Une attitude - et des améliorations apportées sur la SF-23 - qui ont permis à la Scuderia de remonter progressivement la pente après la trêve estivale, terminant troisième du GP d'Italie chez elle, à Monza, grâce à son pilote Carlos Sainz.
L'Espagnol qui, deux semaines plus tard, a offert à l'équipe sa première victoire de la saison, à Singapour, mettant fin à la série record de 15 victoires d'affilée de Red Bull (qui a remporté 21 des 22 GP de la saison).
"Nous avons été un peu plus agressifs et cela a porté ses fruits", constate également de patron.
- Pression "positive" -
Finalement troisième du championnat constructeurs juste derrière Mercedes à l'issue d'une saison outrageusement dominée par Red Bull et son champion Max Verstappen, Ferrari doit désormais se concentrer sur elle-même pour 2024 défend Vasseur, même s'il s'agit "toujours d'une question de comparaison".
Loin de vouloir "se focaliser sur Red Bull", le responsable explique qu'il y aura "une sorte de convergence des performances" entre les équipes. "Avec la stabilité du règlement, il sera probablement de plus en plus difficile pour Red Bull de faire la même chose que cette saison".
En 2024, Vasseur continuera de s'appuyer sur le Monégasque Charles Leclerc et sur Sainz. Non sans une once de pression de la part des supporters italiens.

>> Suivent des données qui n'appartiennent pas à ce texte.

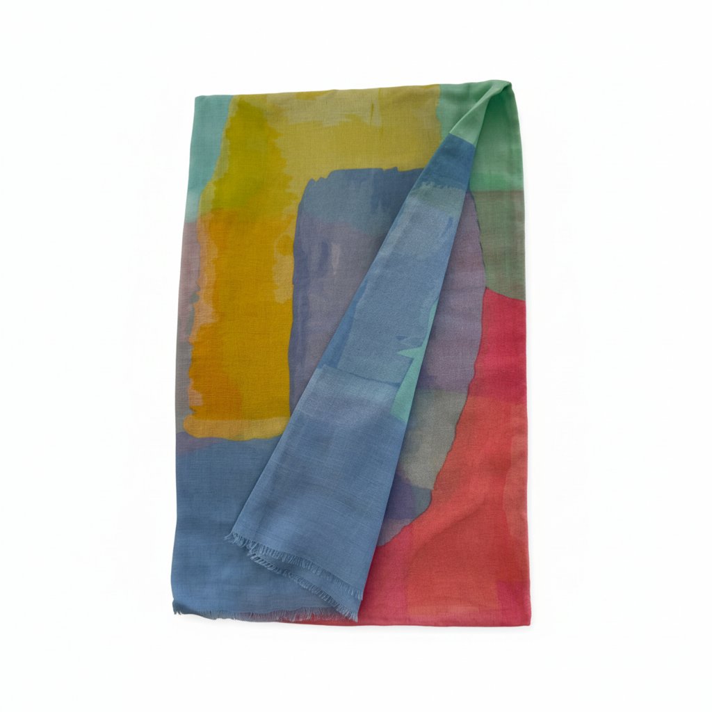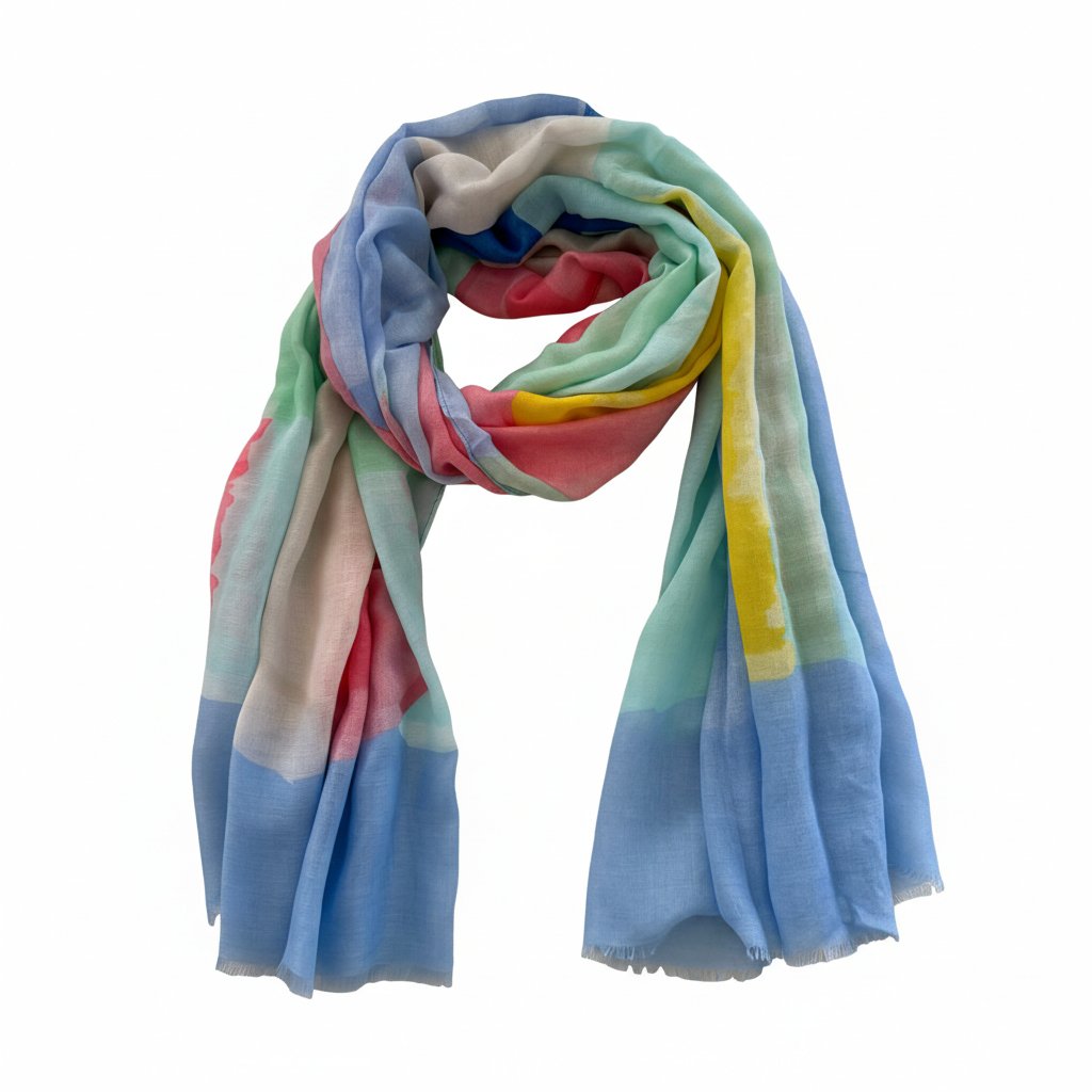 Šátek je lehký a snadno přenosný, ideální pro cestování nebo jako denní doplněk do kabelky. Výrazné barvy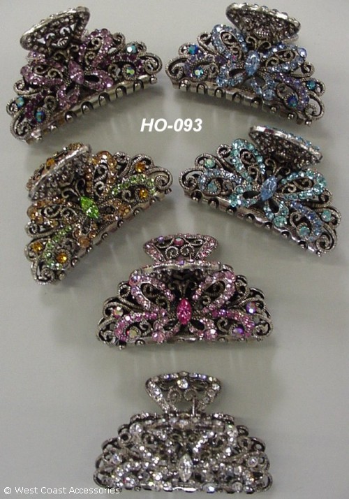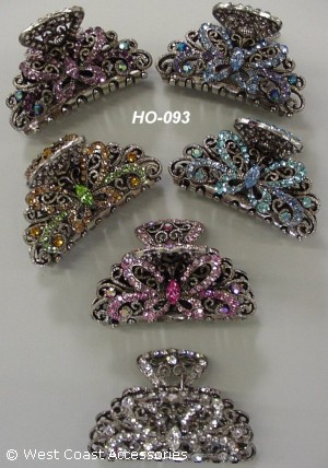 Hair clip in assorted colors. Available in aquamarine, lavendar/iridescent, lime green/topaz, pink combo, sapphire blue, and silver.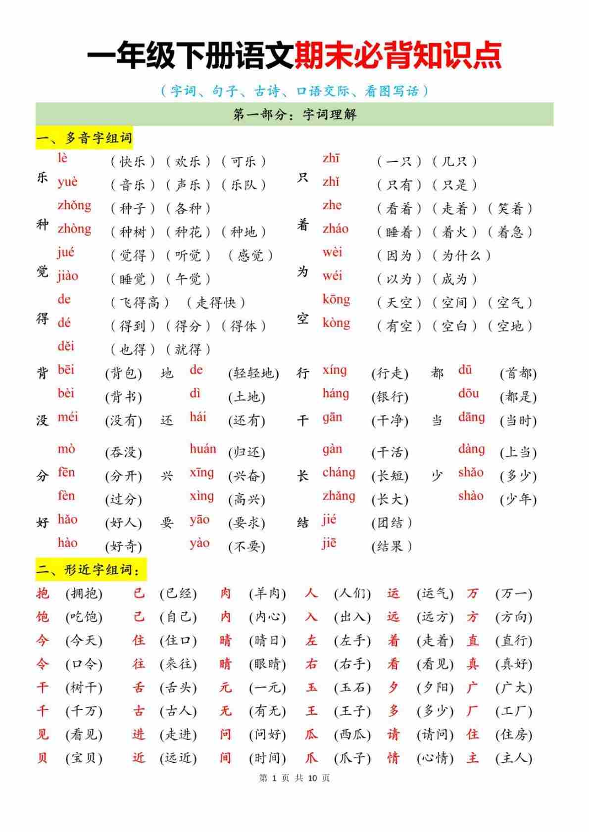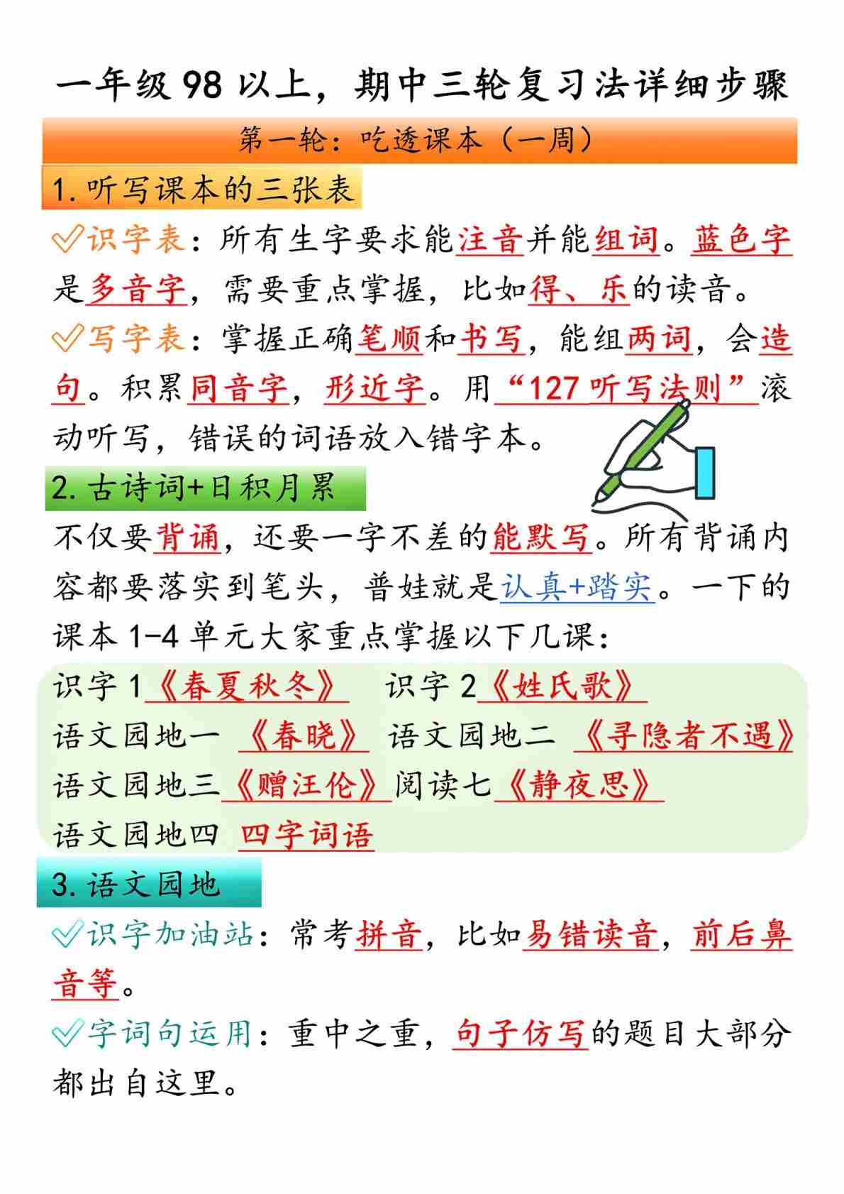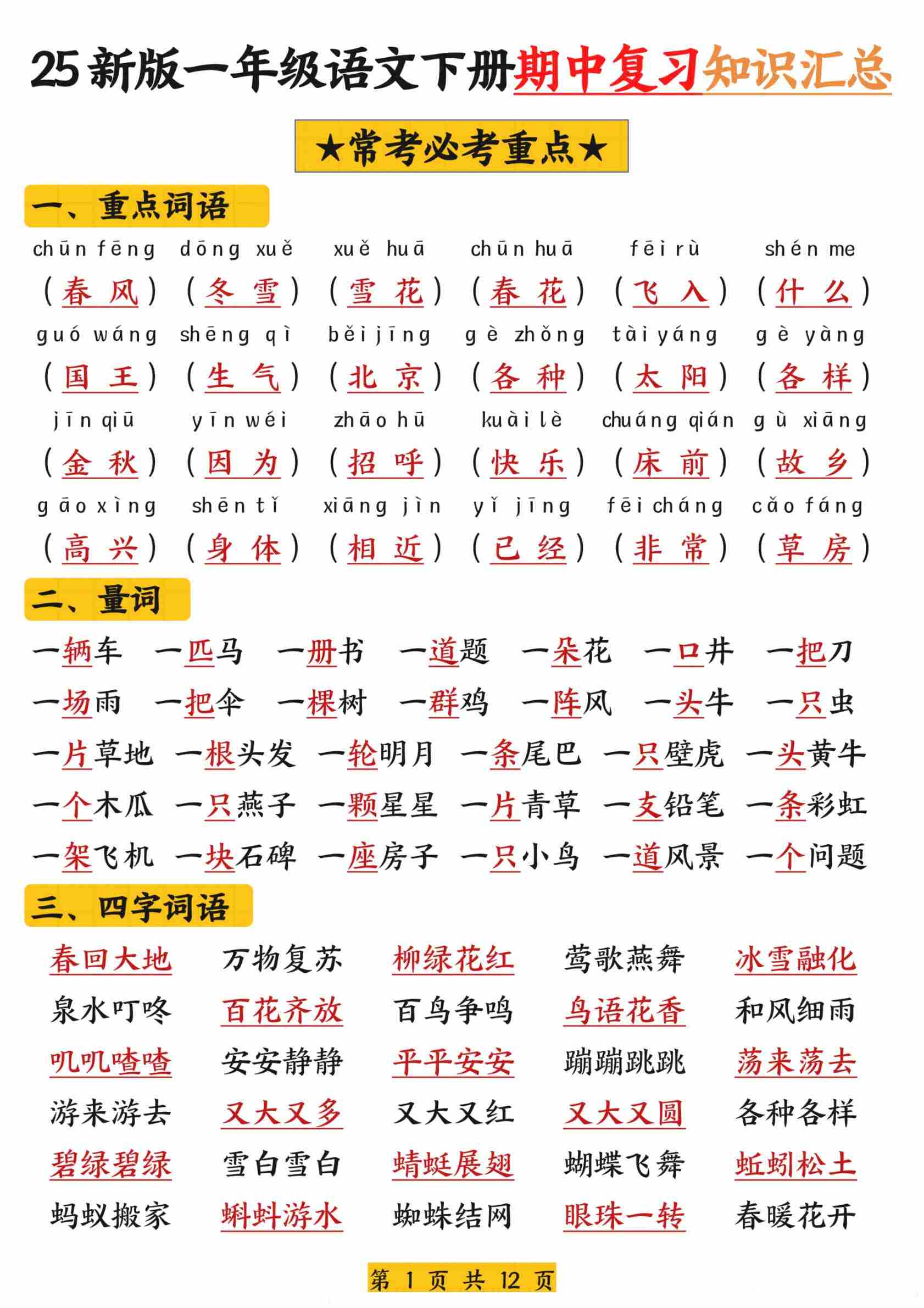 一(下)语文25新期中复习高频考点知识汇总(12页)

"Chez Ferrari, ce qui est différent (des autres équipes, ndlr), c'est que la pression vient plus de l'extérieur, elle vient plus des tifosi", reconnaît-il. "Mais c'est quelque chose de très positif".
Des tifosi qui devront patienter jusqu'au 21 février pour voir "leur" Ferrari 2024 prendre la piste - à l'occasion des essais hivernaux à Bahreïn, théâtre du GP inaugural de la saison qui livrera son premier verdict, le 2 mars.